Scan the listing below. Return every line containing the string "Silver".

*** MATERIAL PROVIDED

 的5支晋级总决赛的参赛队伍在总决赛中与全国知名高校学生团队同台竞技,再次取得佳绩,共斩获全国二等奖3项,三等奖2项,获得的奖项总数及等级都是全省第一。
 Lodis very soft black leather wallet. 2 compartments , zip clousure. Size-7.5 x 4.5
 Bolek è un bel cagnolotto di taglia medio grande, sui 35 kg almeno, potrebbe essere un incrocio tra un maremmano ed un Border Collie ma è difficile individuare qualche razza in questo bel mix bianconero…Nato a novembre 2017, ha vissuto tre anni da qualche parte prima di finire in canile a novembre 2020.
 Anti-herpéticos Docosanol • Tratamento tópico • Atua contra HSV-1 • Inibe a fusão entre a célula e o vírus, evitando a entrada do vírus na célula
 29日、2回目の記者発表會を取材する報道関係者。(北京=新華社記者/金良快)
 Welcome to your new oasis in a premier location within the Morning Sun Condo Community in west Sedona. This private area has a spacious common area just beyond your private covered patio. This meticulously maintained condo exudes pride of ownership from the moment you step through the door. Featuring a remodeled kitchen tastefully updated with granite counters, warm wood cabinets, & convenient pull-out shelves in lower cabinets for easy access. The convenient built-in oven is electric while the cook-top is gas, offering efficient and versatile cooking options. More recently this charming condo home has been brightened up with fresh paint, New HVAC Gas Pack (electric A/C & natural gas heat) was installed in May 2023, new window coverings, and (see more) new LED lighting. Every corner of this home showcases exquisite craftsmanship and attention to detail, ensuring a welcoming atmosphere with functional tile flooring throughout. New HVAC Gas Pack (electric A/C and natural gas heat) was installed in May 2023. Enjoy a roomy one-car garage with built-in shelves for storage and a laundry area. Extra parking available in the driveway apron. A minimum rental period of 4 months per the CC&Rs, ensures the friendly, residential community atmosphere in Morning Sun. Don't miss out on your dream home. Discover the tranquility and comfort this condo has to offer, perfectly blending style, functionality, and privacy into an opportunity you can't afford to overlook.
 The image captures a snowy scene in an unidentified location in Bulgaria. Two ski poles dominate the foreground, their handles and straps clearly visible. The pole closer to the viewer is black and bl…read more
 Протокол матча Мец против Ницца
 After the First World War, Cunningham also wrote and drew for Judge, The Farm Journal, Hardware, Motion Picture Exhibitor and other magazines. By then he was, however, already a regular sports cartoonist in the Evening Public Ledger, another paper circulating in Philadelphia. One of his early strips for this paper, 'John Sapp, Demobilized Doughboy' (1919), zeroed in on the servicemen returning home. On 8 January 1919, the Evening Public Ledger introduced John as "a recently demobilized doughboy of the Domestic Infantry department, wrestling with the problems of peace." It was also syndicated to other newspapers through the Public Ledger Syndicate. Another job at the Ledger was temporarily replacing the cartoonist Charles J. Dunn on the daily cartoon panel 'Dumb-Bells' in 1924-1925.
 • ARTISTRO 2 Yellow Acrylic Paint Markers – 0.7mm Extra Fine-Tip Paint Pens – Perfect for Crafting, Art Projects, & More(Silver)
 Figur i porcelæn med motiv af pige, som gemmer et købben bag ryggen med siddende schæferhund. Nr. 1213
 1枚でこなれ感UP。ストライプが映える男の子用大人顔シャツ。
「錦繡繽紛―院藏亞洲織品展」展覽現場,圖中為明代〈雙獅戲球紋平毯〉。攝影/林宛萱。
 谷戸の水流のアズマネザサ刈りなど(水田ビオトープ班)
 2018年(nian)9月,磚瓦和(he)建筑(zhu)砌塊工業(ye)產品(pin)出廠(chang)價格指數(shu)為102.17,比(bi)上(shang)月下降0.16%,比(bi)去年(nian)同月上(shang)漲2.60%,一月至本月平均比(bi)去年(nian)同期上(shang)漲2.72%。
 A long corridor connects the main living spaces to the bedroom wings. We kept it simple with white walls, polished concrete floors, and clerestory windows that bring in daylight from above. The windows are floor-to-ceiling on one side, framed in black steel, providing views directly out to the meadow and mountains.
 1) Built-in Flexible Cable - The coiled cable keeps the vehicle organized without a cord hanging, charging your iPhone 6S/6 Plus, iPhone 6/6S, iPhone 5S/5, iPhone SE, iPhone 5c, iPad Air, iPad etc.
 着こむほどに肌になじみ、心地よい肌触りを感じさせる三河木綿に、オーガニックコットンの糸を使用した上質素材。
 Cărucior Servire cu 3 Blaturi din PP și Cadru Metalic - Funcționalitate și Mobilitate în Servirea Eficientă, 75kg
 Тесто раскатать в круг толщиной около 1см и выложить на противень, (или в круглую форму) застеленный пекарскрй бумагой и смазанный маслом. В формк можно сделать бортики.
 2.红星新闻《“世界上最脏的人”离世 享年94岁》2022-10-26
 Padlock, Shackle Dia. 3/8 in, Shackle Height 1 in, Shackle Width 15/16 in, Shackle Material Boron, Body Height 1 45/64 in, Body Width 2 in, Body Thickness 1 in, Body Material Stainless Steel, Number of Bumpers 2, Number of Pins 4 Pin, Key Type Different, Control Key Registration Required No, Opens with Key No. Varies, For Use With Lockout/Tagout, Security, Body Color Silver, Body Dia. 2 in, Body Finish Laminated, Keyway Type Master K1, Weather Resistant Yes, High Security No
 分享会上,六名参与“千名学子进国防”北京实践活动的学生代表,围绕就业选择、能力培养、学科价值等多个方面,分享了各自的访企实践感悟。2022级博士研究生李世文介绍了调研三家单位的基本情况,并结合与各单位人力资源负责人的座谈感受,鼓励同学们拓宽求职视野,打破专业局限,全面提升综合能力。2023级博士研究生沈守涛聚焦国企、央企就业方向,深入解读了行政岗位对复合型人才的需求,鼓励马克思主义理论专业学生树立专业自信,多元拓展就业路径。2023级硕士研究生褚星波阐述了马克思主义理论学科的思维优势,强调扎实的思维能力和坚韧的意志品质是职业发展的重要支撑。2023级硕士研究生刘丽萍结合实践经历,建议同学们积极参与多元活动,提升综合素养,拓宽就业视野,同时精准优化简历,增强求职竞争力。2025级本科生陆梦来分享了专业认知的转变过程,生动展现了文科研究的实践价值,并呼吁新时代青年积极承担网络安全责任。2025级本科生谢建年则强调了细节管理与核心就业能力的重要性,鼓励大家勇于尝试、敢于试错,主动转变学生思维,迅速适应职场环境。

******

WORKED SOLUTION:
 • ARTISTRO 2 Yellow Acrylic Paint Markers – 0.7mm Extra Fine-Tip Paint Pens – Perfect for Crafting, Art Projects, & More(Silver)
 Padlock, Shackle Dia. 3/8 in, Shackle Height 1 in, Shackle Width 15/16 in, Shackle Material Boron, Body Height 1 45/64 in, Body Width 2 in, Body Thickness 1 in, Body Material Stainless Steel, Number of Bumpers 2, Number of Pins 4 Pin, Key Type Different, Control Key Registration Required No, Opens with Key No. Varies, For Use With Lockout/Tagout, Security, Body Color Silver, Body Dia. 2 in, Body Finish Laminated, Keyway Type Master K1, Weather Resistant Yes, High Security No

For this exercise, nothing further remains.